(Record extracts Opens)

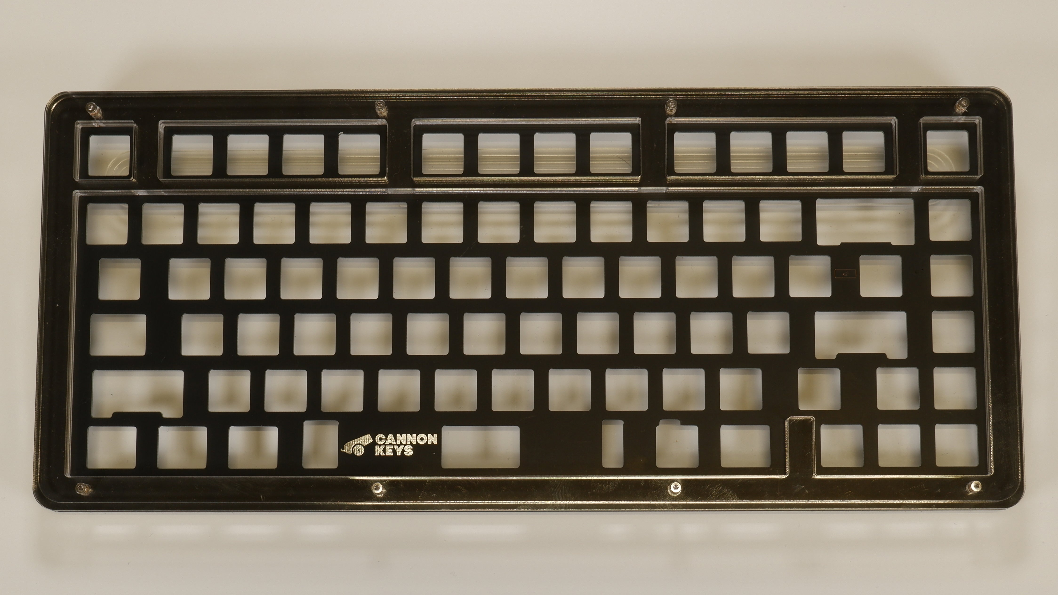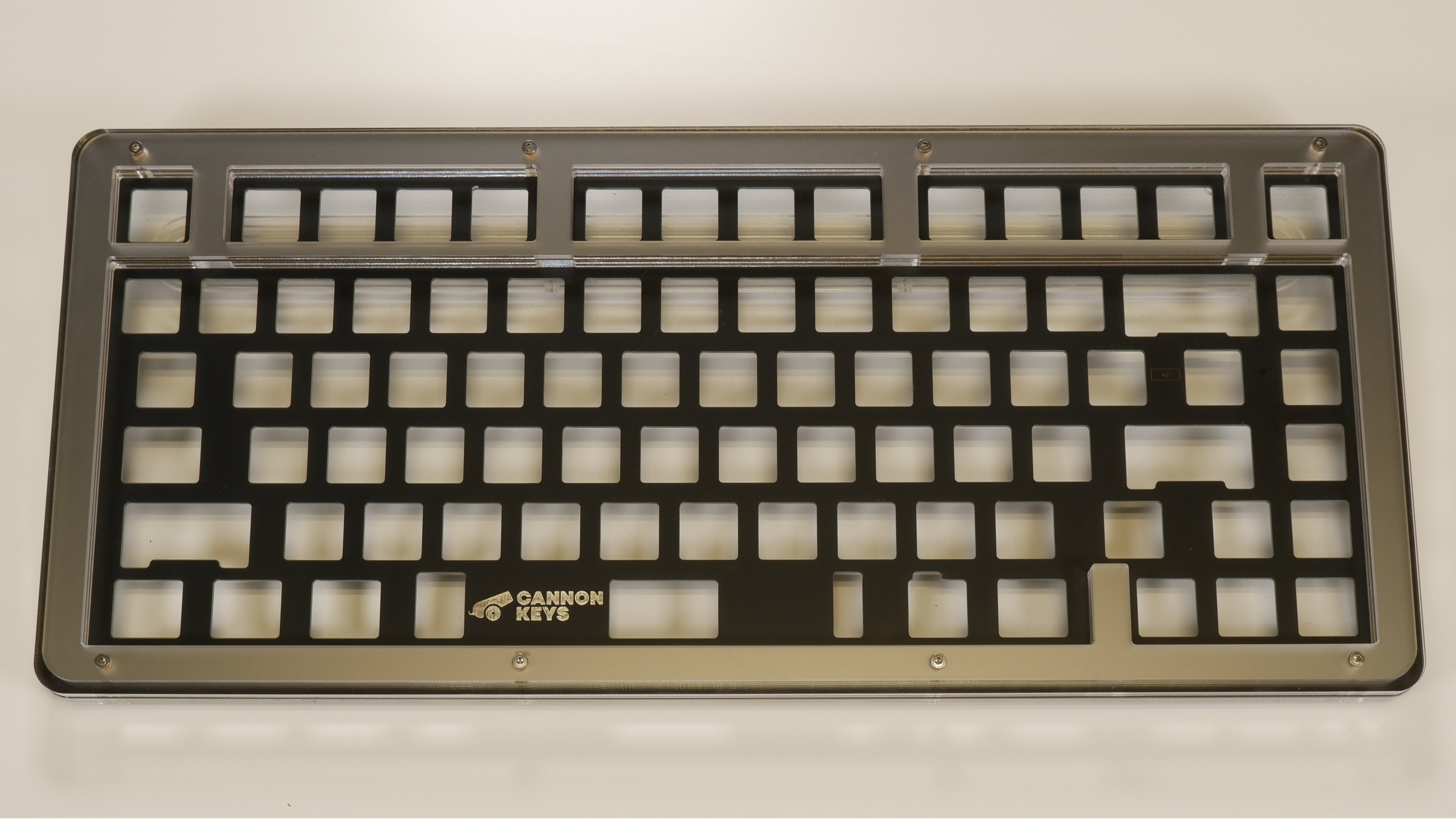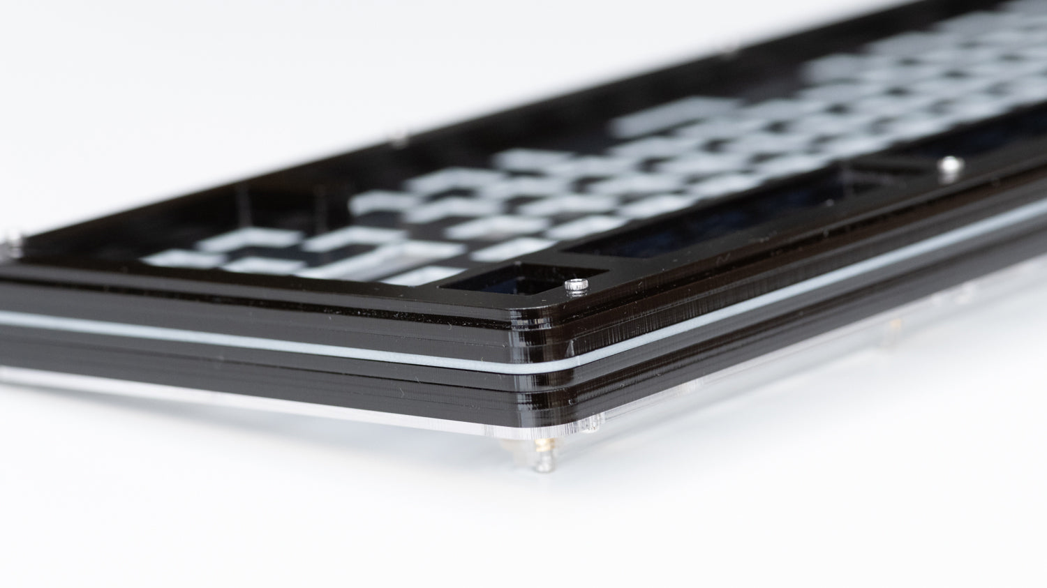 The Stacked75 keyboard kit in our Stacked Series of in stock keyboards. Using layers of acrylic, these keyboards offer both a unique sound profile and aesthetic in a fun to build package!
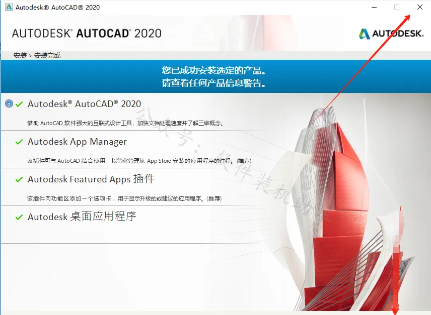 10.安装完成后,在右上角关闭安装界面(切记先不要打开CAD软件)。11.若出现如下图所示的提示,直接点击【确定】,没有则忽略进行下一步骤。12.返回到开头解压的文件夹中,然后打开【crack】文件夹。13.鼠标右击【acad】文件选择【复制】。14.在桌面上找到AutoCAD 2020软件图标,鼠标右击点击【打开文件所在的位置】。15.在打开的文件夹空白处,鼠标右击选择【粘贴】。16.点击【替换目标中的文件】。17.在桌面上打开【AutoCAD 2020】软件。18.若出现下图所示的界面,直接点击【始终将DWG文件与AutoCAD重新关联】(若没有该界面直接忽略)。19.安装完成,CAD软件打开界面如下图所示(已激活,可无期限使用)。
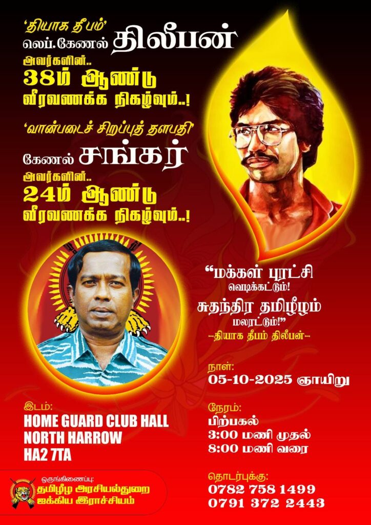 நிகழ்வுகள் பிரித்தானியா புலம்பெயர் தமிழர்கள் வீரவணக்க நிகழ்வு – தமிழீழ அரசியல்துறை ஐக்கிய இராச்சியம் 5 October, 2025 வீரவணக்க நிகழ்வு – பிரிட்டன் | 05.10.2025 Post navigation Previous: மூதூரில் உள்ள மெங்காமம் கிராமத்திற்குள் நுழைந்த காட்டு யானை, வீட்டுத் தோட்டப் பயிர்களை சேதப்படுத்தியது – மக்கள் கவலை.Next: மன்னார் காற்றாலை மின்னுற்பத்தித் திட்டத்தை உடன் இடைநிறுத்துங்கள். – ஆசியப்பேரவை வலியுறுத்தல் தொடர்புடைய இடுகைகள் ✍🏻 நிகழ்வுகள் புலம்பெயர் தமிழர்கள் முதன்மை செய்திகள் தமிழீழத் தேசிய மாவீரர் நினைவாக நடாத்தப்பெறும் கவிதைப்போட்டி & பேச்சுப்போட்டி 2025 – சுவிஸ் 21 October, 2025 நிகழ்வுகள் புலம்பெயர் தமிழர்கள் லெப்.கேணல் நாதன் & கப்டன் கஜன் ஆகியோரின் 29’ம் ஆண்டு நினைவேந்தல் நிகழ்வு – பிரான்சு 20 October, 2025 புலம்பெயர் தமிழர்கள் முதன்மை செய்திகள் இறுதி அஞ்சலி அறிவித்தல் “அமரர் யோகராசா சிறிஸ்கந்தராசா” 19 October, 2025 Leave a Reply Cancel replyYour email address will not be published. Required fields are marked *Comment * Name * Email * Website Save my name, email, and website in this browser for the next time I comment.
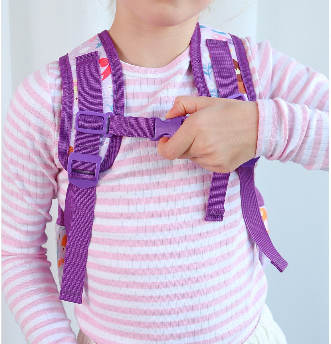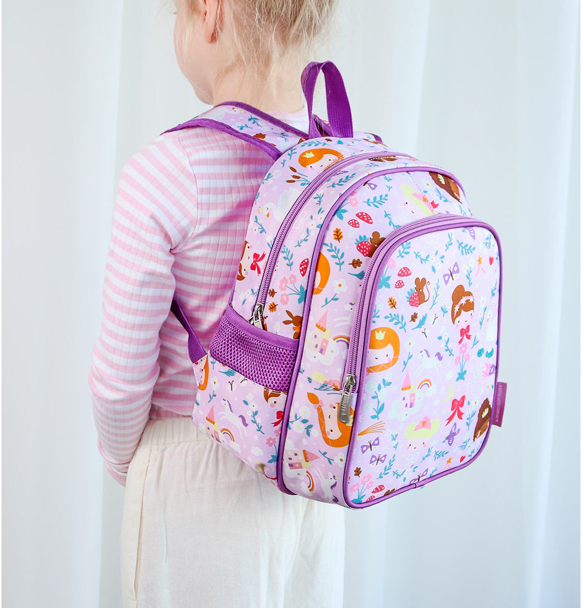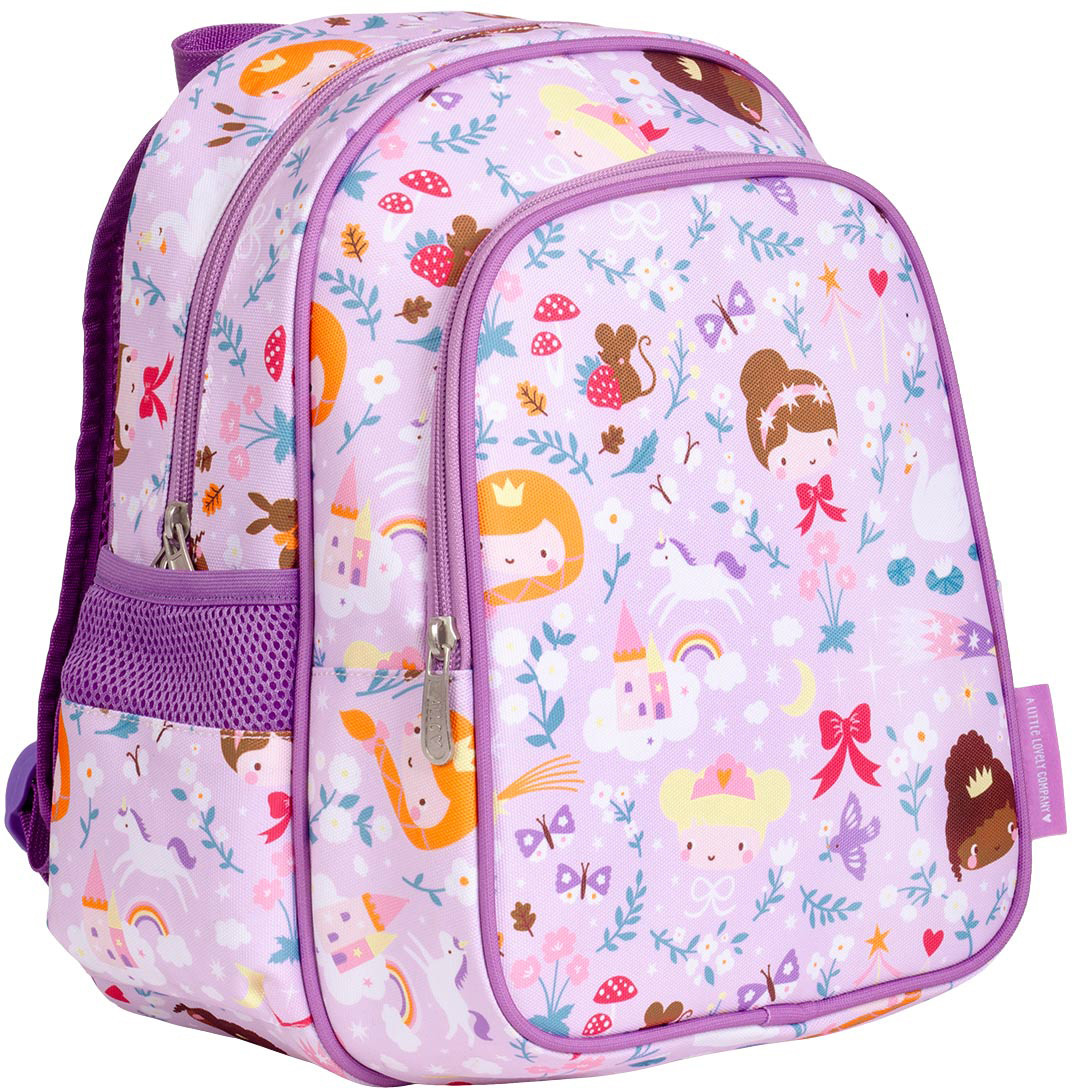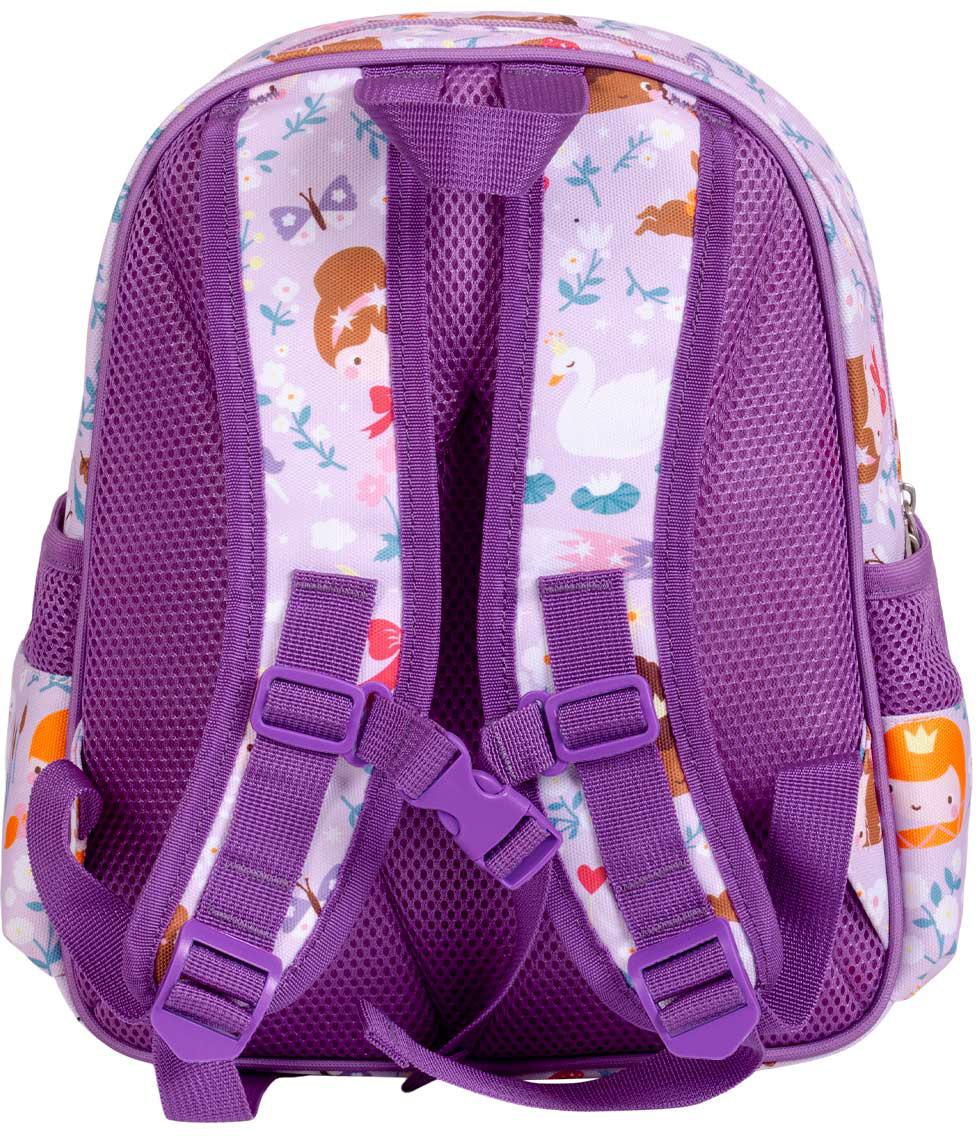 Der praktische violette Rucksack mit Prinzessinnen und vielen süssen Details ist ideal für die Schule oder für Ausflüge. Der Kinderrucksack hat ein geräumiges Hauptfach, eine isolierte Fronttasche und zwei offene Seitentaschen; gross genug für eine Brotdose, ein Pausenbrot und eine Wasserflasche. Der Rucksack hat gepolsterte Schultergurte und einen Brustgurt, so dass er nicht so leicht von den Schultern rutscht. Die Rückenpartie ist mit einem atmungsaktiven Stoff gefüttert, der für zusätzlichen Komfort sorgt.
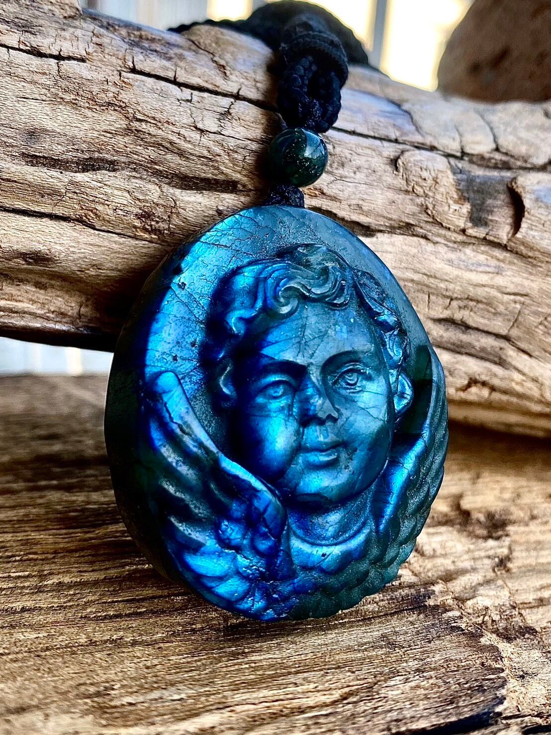 天然石パワーストーン、ラブラドライトのエンジェルカービングペンダントです。
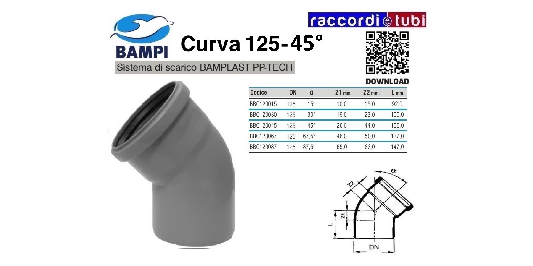 CURVA A INNESTO PP-H/MC DIAMETRO 125-45°
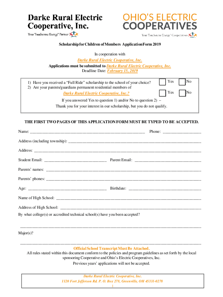 Scholarship for Children of Members Application Form 2019 In cooperation with Dark Rural Electric Cooperative, Inc. Applications must be submitted to Dark Rural Electric Cooperative, Inc. Deadline
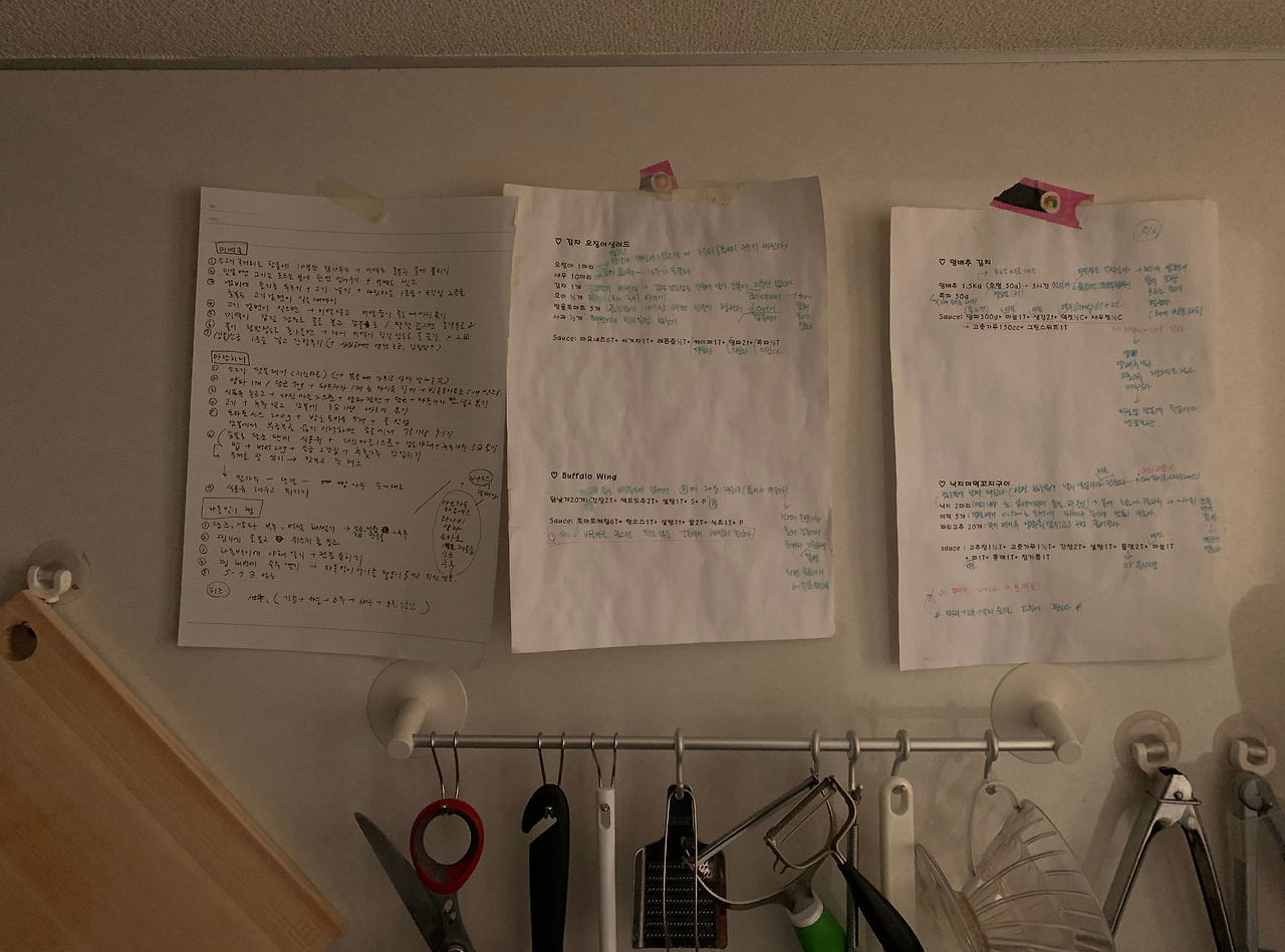 함께 사는 동안은 대부분의 가사는 엄마의 몫이였기에, 생활이 아닌 일탈로 여겨져 좋아하는 줄로만 알았다. 더욱이 서울집의 부엌은 엄마의 공간을 빌려쓴다는 느낌이 들었고 내 마음에 드는 그릇을 꺼낼라치면 "아아, 그거 설거지하기 힘드니까 쓰지말고 여기다 해!"라면서 번번히 엄마의 제재가 들어왔다. 엄마는 성격상 조리 중간 중간 계속해서 싱크대며 주변을 정리해야하고, 밥 먹고 나면 일어나서 바로 설거지를 해야하는데 내가 꾸물거리면 핀잔을 주며 "네가 요리를 하고나면 주방이 엉망이 된다니까" 라면서 나의 조리의 즐거움이나 맛있는 음식을 음미할 시간을 단박에 앗아가셨다. 그렇다보니 엄마의 의뢰(?)가 있지 않는 한 부엌에 서서 무언가를 하는 일은 점차 잦아들기 시작했고 그렇게 부엌에서의 즐거움을 까맣게 잊어버렸다.
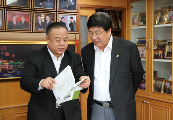 李桂雄会长与施建军校长一起阅览大学生教材《人文素质修养》。
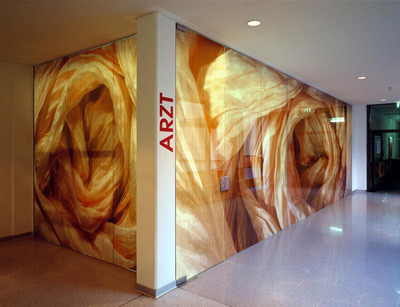 Jedoch ist es den Architekten gelungen, den bloßen Sanierungsansatz um ein architektonisches Konzept zu bereichern, das von der räumlichen Restrukturierung und Inneneinrichtung über das grafische Leitsystem bis zur Gartengestaltung reicht. Und anders als in Fällen alibihaft applizierter Kunst-am-Bau spielen die „chromatischen Interventionen“ von Barbara Putz-Plecko in diesem integrativen Gesamtansatz eine wichtige Rolle.

(Record extracts Closes)

Exercise
Copy exactly the lines from the line that holds "함께 사는 동안은 대부분의" to the end of the listing, both included. Leave the pictures out.

Response
 함께 사는 동안은 대부분의 가사는 엄마의 몫이였기에, 생활이 아닌 일탈로 여겨져 좋아하는 줄로만 알았다. 더욱이 서울집의 부엌은 엄마의 공간을 빌려쓴다는 느낌이 들었고 내 마음에 드는 그릇을 꺼낼라치면 "아아, 그거 설거지하기 힘드니까 쓰지말고 여기다 해!"라면서 번번히 엄마의 제재가 들어왔다. 엄마는 성격상 조리 중간 중간 계속해서 싱크대며 주변을 정리해야하고, 밥 먹고 나면 일어나서 바로 설거지를 해야하는데 내가 꾸물거리면 핀잔을 주며 "네가 요리를 하고나면 주방이 엉망이 된다니까" 라면서 나의 조리의 즐거움이나 맛있는 음식을 음미할 시간을 단박에 앗아가셨다. 그렇다보니 엄마의 의뢰(?)가 있지 않는 한 부엌에 서서 무언가를 하는 일은 점차 잦아들기 시작했고 그렇게 부엌에서의 즐거움을 까맣게 잊어버렸다.
 李桂雄会长与施建军校长一起阅览大学生教材《人文素质修养》。
 Jedoch ist es den Architekten gelungen, den bloßen Sanierungsansatz um ein architektonisches Konzept zu bereichern, das von der räumlichen Restrukturierung und Inneneinrichtung über das grafische Leitsystem bis zur Gartengestaltung reicht. Und anders als in Fällen alibihaft applizierter Kunst-am-Bau spielen die „chromatischen Interventionen“ von Barbara Putz-Plecko in diesem integrativen Gesamtansatz eine wichtige Rolle.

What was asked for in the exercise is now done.